─── GIVEN MATERIAL
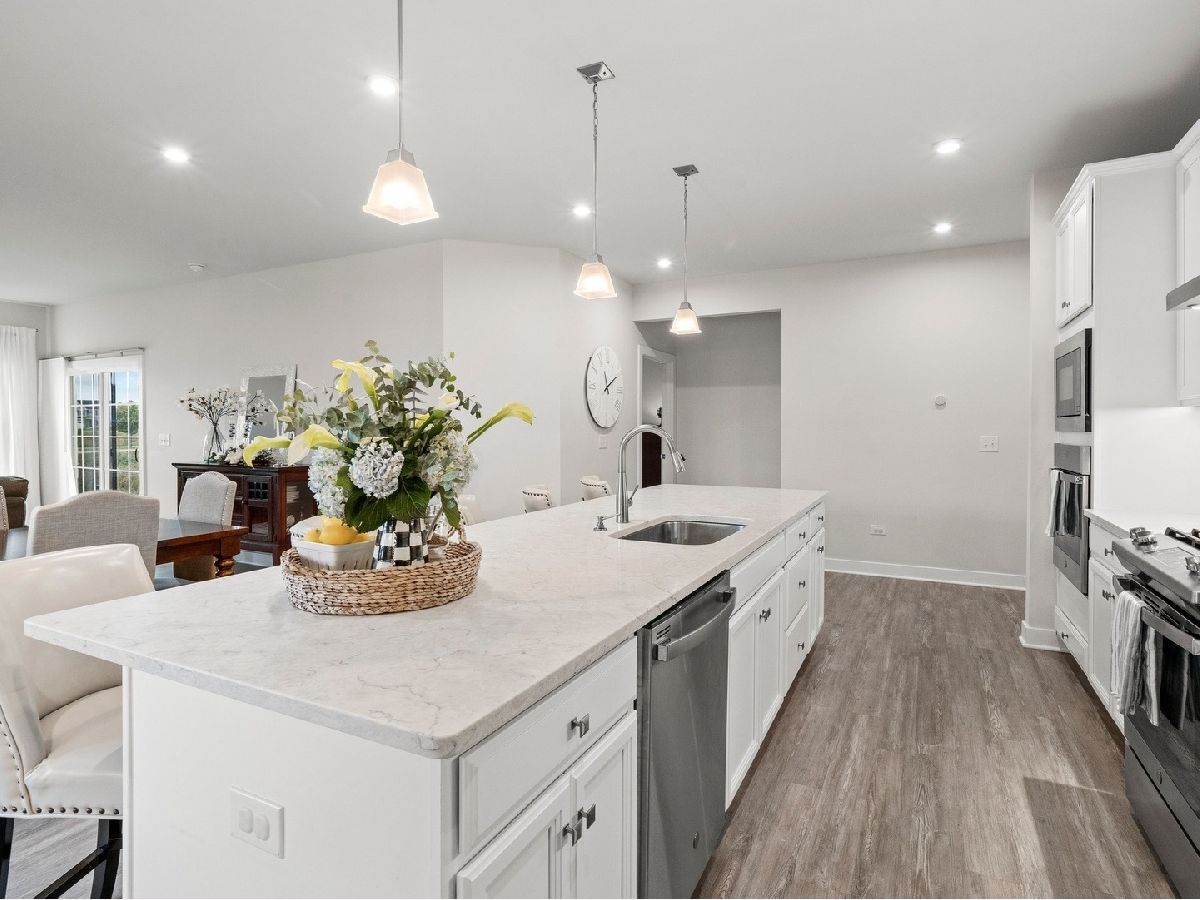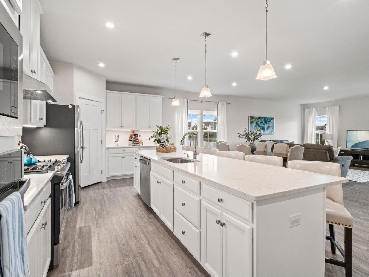 Why wait for new construction when this stunning Palladio Ranch model home, built in 2020, has everything already done (Floor plan under Additional Information tab) The Clublands of Antioch ~ Legends are nearing all the lots/homes being SOLD OUT! From the moment you enter the Foyer you will enjoy this spacious and open floorplan with high ceilings and luxury vinyl flooring throughout most of the 1st floor and many many builder upgrades!!! Gourmet white kitchen features quartz counter tops, under cabinets task lighting, custom tile backsplash and huge island with breakfast bar. Large walk-in pantry and high end stainless steel appliances including upgrade of wall oven. This open floor plan is great for entertaining as your Dining area flows into the sunny Living Room area. Sliders lead out onto your cover porch with great views of your back yard and open space green belt. The Primary Bedroom has views out to the back yard for a true retreat feel with walk-in closet and tray ceiling. The spa Bathroom will wow you as it features double vanities, large linen closet and huge walk-in shower with bench seat with custom glass tile surround. The 2nd Bedroom features an ensuite bathroom with double sink vanity. But the real WOW is the finished basement!! Enormous 36 X 18 Family Room provides tons of space for all your needs. 4th Bedroom with large closet. Plus a 3rd Full Bath. Large storage room completes this huge space. The home is minutes away from trails, shopping and more. Get ready to be in your new home for the holidays!
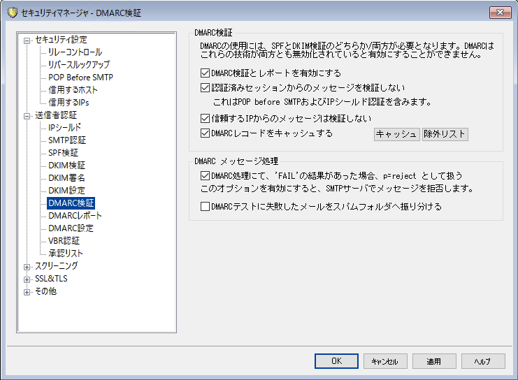 このオプションを有効にすると、MDaemonは受信メールのFrom:に含まれているドメインについて、DMARC DNS問合せを行い、DMARCレポート画面で設定されていれば、統計レポートや失敗レポートの送信を行います。DMARCはメールの検証にSPF や DKIM を使っているため、DMARCを使う前に最低どちらか1つの機能は有効化されている必要があります。DMARC検証とレポートはデフォルトで有効になっており、ほとんどのMDaemon設定で使用されています。
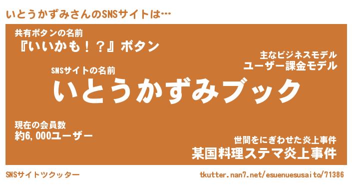 | 男性向けラノベタイトル風あだ名 | 『イトウカズミアートオンライン』 |
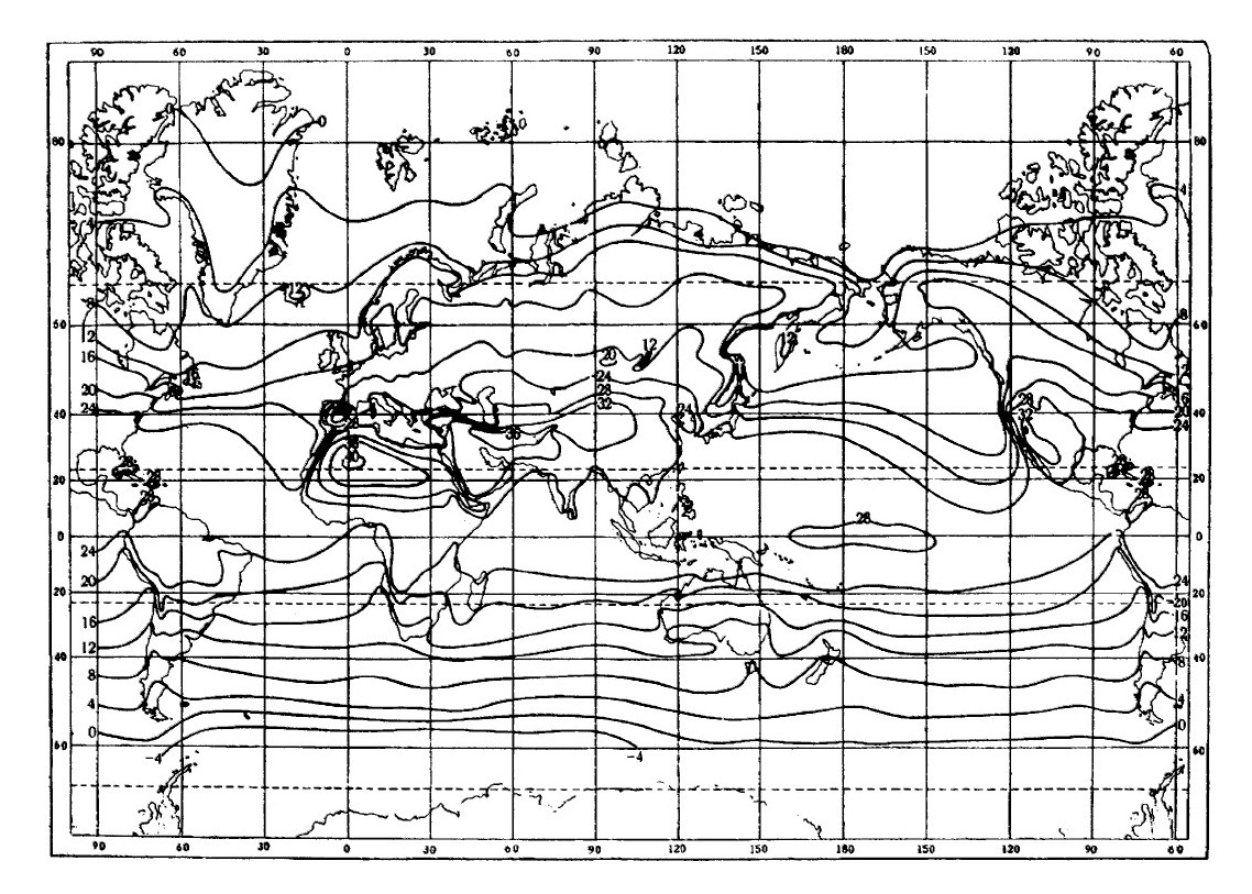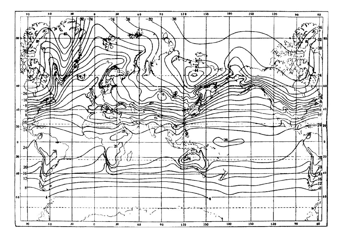 气温的水平分布通常用等温线表示。为消除海拔影响,可将地面气温实际观测值订正为海平面温度,然后绘制等温线。从世界1月(图2-1)、7月(图2-2)平均气温分布图不仅反映太阳辐射在地表的分布情况,也表示地球表面的陆海、地形、洋流等热力分布的影响。根据世界气温度分布图,可以看出其特点如下:
──────
# [THE TASK]
Begin the copy at the line containing "男性向けラノベタイトル風あだ名 | 『イトウカズミアートオンライン』 |" and end it at the final line of the material above, reproducing each line exactly and omitting pictures.

# [SOLUTION]
 | 男性向けラノベタイトル風あだ名 | 『イトウカズミアートオンライン』 |
 气温的水平分布通常用等温线表示。为消除海拔影响,可将地面气温实际观测值订正为海平面温度,然后绘制等温线。从世界1月(图2-1)、7月(图2-2)平均气温分布图不仅反映太阳辐射在地表的分布情况,也表示地球表面的陆海、地形、洋流等热力分布的影响。根据世界气温度分布图,可以看出其特点如下:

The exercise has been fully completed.